Delhi Diary
Delhi Diary
Circa 1976, around 6.45 pm of a winter evening, my meter gauge train from Ahmadabad arrived on the cold and crowded platform of the old Delhi railway station bringing me for the first time to this grand old dame of India.
Apprehensive and nervous, I alighted from the train, looking around as if someone is there to receive me. No one was.
I took a cycle rickshaw to a hotel in the heart of Chandni Chowk booked by someone who did not know that it was next to a popular whorehouse.
Gingerly, I climbed rickety stairs and opened my hole-in-the-wall room in this city established in 1206 by an invader from Kazakhstan.
I kept coming back here and fell in love enough to live here for five fulfilling years.
Unlike other well-formed Indian cities, Delhi is an amorphous city, blended and re-blended, invaded and re-invaded by Afghans, and Uzbeks, Britishers, and Punjabi refugees created by the partition.
As a casual and lonesome visitor to this epitome of history, I lived in taverns, lodges, guest houses in old Delhi built by the Mughals initially and later in the New Delhi built by the British architect Sir Edwin Lutyens, who handled much of the architectural design and buildings.
The focal point of my early visits to Delhi was the Janpath and the Connaught Place locally known as CP. CP is a frenetic business and financial hub, centered on a ring of colonnaded Georgian-style buildings with neatly laid out stalls of Janpath market full of trinkets.
Food is a central theme of CP and Janpath, but also of the city itself. As a footloose young lad, I survived on Chole-Bhature of Kake di Hatti and Alu Tikkis of a vendor at the corner of Janpath market.
During my stint as a visitor, I stayed at the wide array of accommodations; in small taverns in Chandni Chowk, in railway retiring rooms of the old Delhi railway stations, a private guest house in Ramnagar owned by a local madam, and in government-owned, palatial Ashoka hotels.
I hired a young Punjabi auto-rickshaw driver as my friend, guide, and philosopher in all my visits.
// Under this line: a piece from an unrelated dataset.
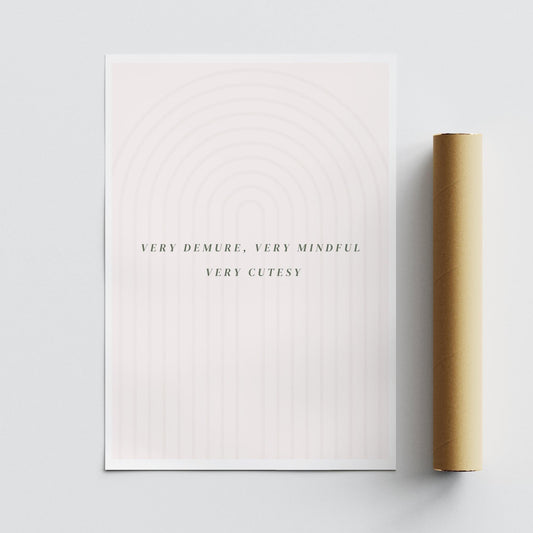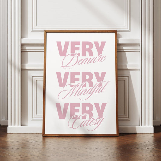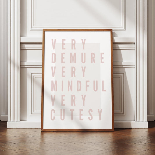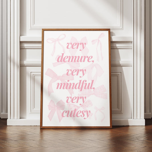 Very Demure, Very Mindful, Very Cutesy - 08 Poster: Trend Quote Print, Soft Girl Decor, Preppy Home Decor, Coquette Aesthetic, Modern Art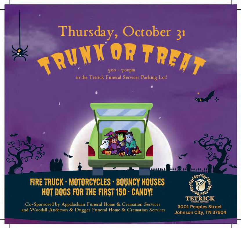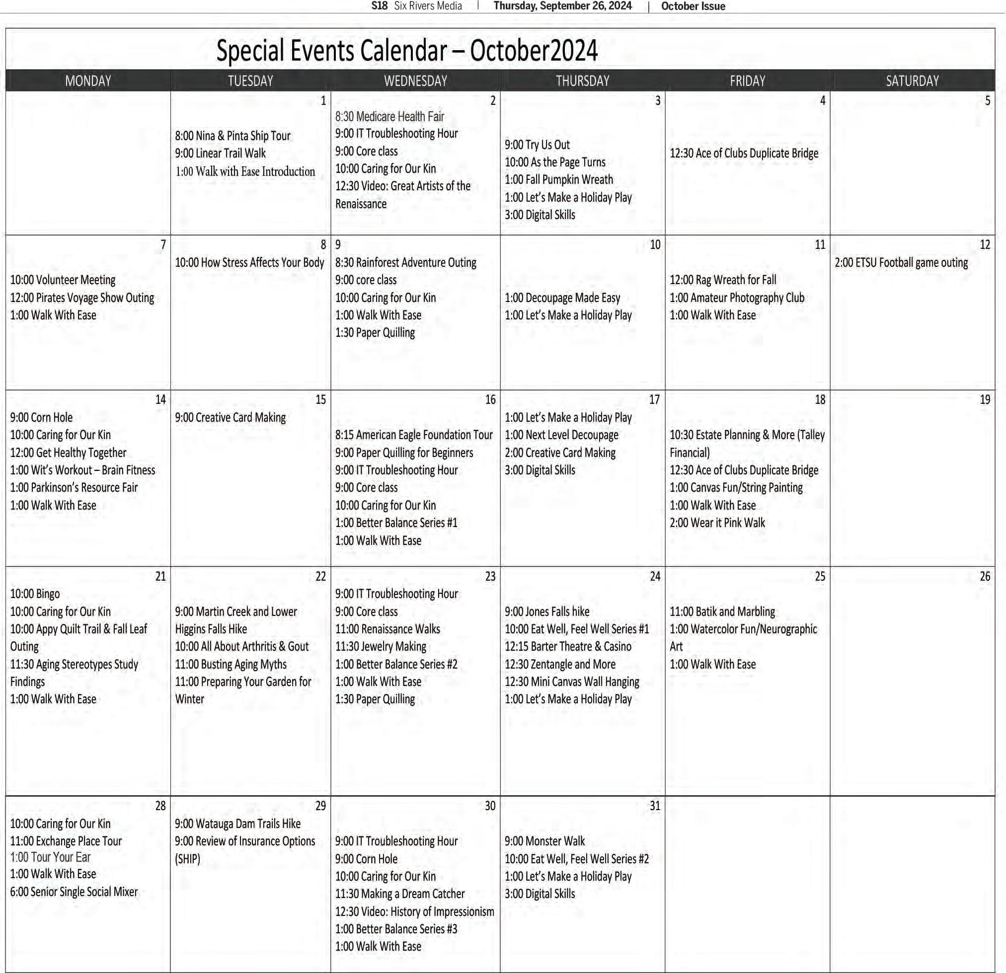 Monday, October 21st, 11:30-1:30pm Dr. Erin Mauck from ETSU Department of Community and Behavioral Health will be presenting her findings from her Aging Stereotypes Study from this past year. A light lunch will be provided. Please pre-register by October 17 by calling 423-434-6237.

He would come to my hotel room at 8 am with a large earthen pot filled with sweet, milky tea and knock on my door. He would drive me around for my work, will eat with me, and drink out of the same quarter bottle of rum that I would buy in the evening. He insisted I visit a brothel in the red light area, an offer I politely refused. I did not have the courage to accept.
My visits to this city of Djinns occurred during hot, burning summers and cloudy, bone-chilling colds. I witnessed sand storms of late summer and torrents of rains that made the city even greener, lovelier than it is.
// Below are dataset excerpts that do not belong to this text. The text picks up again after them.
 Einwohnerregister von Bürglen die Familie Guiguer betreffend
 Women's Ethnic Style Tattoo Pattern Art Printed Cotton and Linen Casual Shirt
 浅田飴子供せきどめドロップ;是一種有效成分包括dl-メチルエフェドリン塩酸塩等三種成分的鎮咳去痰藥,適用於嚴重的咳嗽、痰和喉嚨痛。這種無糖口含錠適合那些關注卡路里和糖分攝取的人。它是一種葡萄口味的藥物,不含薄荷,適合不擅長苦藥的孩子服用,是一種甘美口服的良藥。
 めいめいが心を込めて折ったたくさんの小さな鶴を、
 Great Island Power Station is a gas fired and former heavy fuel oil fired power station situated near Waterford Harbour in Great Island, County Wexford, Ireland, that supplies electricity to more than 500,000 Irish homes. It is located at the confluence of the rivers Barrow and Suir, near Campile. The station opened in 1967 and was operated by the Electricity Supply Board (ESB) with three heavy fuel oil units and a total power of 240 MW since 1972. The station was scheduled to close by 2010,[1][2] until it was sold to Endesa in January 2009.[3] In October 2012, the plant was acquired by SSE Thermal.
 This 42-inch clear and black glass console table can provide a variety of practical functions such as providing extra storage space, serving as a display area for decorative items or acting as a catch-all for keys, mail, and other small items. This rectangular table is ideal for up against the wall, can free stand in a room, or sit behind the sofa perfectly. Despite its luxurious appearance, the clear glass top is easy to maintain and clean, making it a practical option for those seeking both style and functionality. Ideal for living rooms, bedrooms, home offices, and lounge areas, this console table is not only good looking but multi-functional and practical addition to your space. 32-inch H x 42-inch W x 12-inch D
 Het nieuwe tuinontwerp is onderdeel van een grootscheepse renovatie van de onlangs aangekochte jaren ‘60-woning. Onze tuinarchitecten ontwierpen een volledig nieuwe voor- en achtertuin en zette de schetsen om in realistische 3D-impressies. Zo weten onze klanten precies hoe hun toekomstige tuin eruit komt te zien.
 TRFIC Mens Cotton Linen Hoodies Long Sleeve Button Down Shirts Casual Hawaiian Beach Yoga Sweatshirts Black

I hung around Purana Quila and Jama Masjid, shopped at Janpath and Karol baag markets, and watched movies at Odeon at CP followed by a dinner at the famous Quality restaurant.
A quirk of my fate finally brought us to Delhi to spend five glorious years. People I worked for provided me with a spacious house in South Delhi. I arrived here with an old Ambassador car, a young and lovely wife of and two tiny girls. We loved every moment of our stay.
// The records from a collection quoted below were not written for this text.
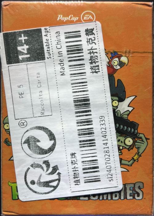 Chinese made deck, appears to be licensed by EA/Popcap, but potentially counterfeit. Interestingly, the declaration sticker is on the front of the tuck (tuck flap slot is usually on the back of a deck), although a large, easily defined picture is on the back of the tuck. As the front of the tuck is unrecognizable due to the declaration sticker, the back of the tuck has been loaded as the front, and the front as the back of the tuck. Google translator states in one area, “plant poker yellow”, so other color variants may exist.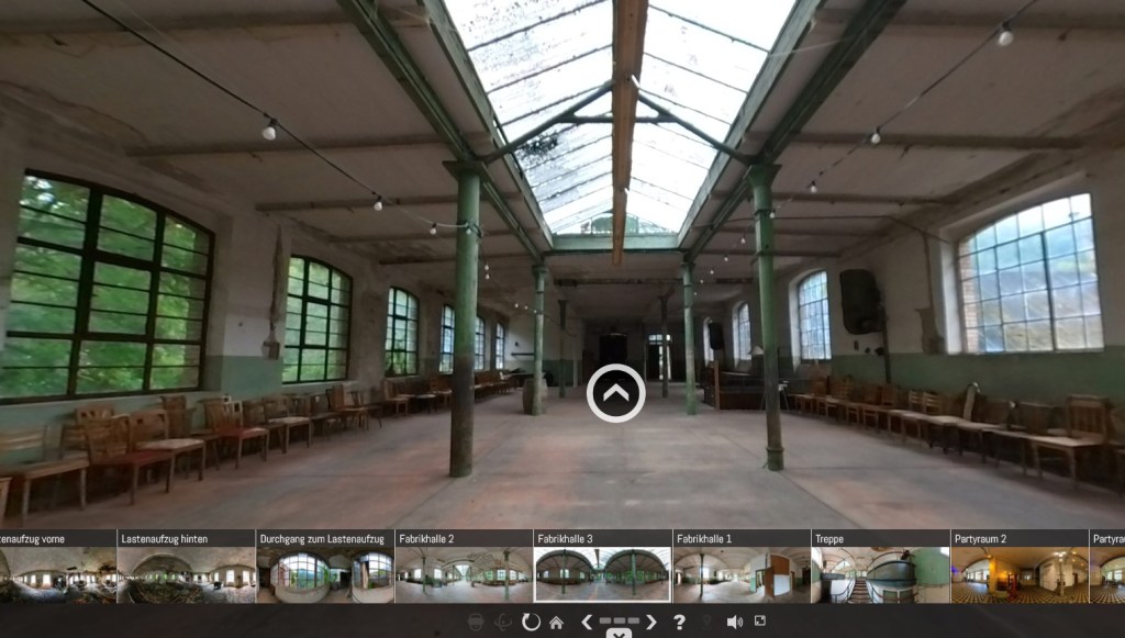 Screenshot der 360-Grad-Tour durch die ehemalige Wollfabrik, hier aus dem Inneren einer der Produktionshallen.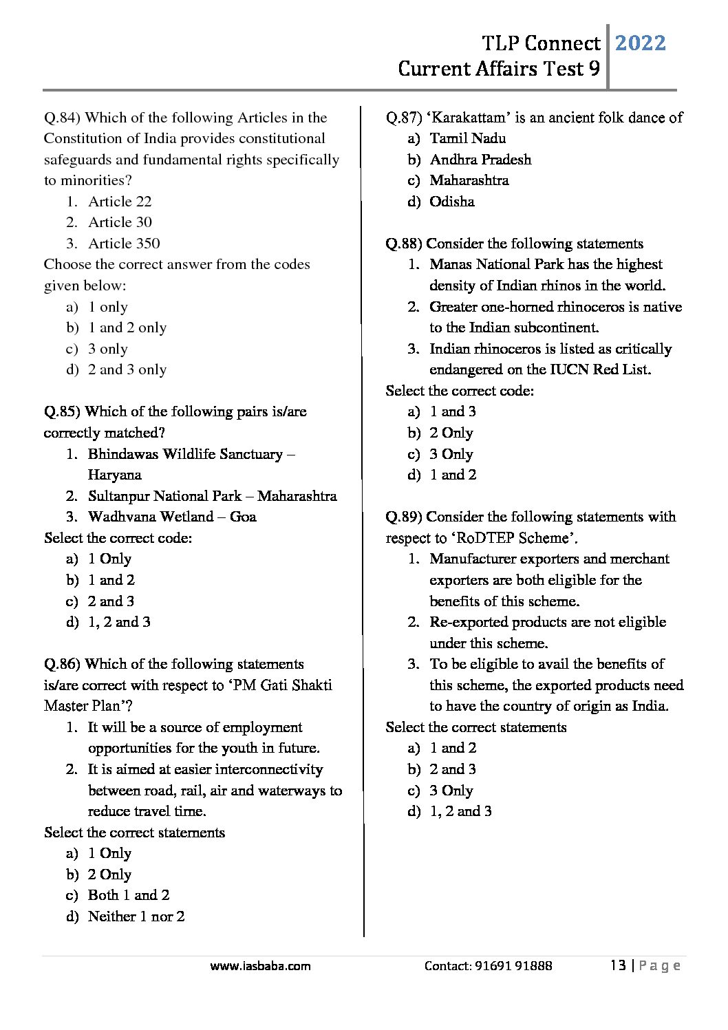 / IAS BABA 2022 TLP CONNECT TEST-9- CURRENT AFFAIRS -2022 (BLACK & WHITE)

Unlike other cities, Delhi is not subtle about its impact on you. It hits you in the face; with all her energy, power, beauty, and brash. You either love Delhi or hate, instantly.
Indelible memory of our stay in Delhi is winter that is at once both severe and exhilarating. By the end of November, we bundled up in warm clothes by 3 pm, switched on heaters by 5 pm, and opened whiskey or rum bottles by 6 pm. In January, angithi is lighted in the evening to provide us warmth till midnight.
We planned weekend family picnics to the Lodhi garden or the Suraj Kund. The riot of green, yellow, and pink flowers of numerous Delhi gardens matched colorful sweaters and dupattas of women swirling around the garden.
The aroma of food waffled through the garden, as thermos flasks full of gin and tonic made rounds among men. Tea and biscuits habitually served in summer would get replaced with whiskey and paneer pakoras during afternoon socials.
Ironically, after we left Delhi on yet another station in life, my visits to Delhi stopped. I have not been to Delhi for a long time. My wife and I plan to visit there to revive fragrant memories of that city that gave us so much joy.
Delhi was the crown jewel in our nomadic life moving around this blessed country.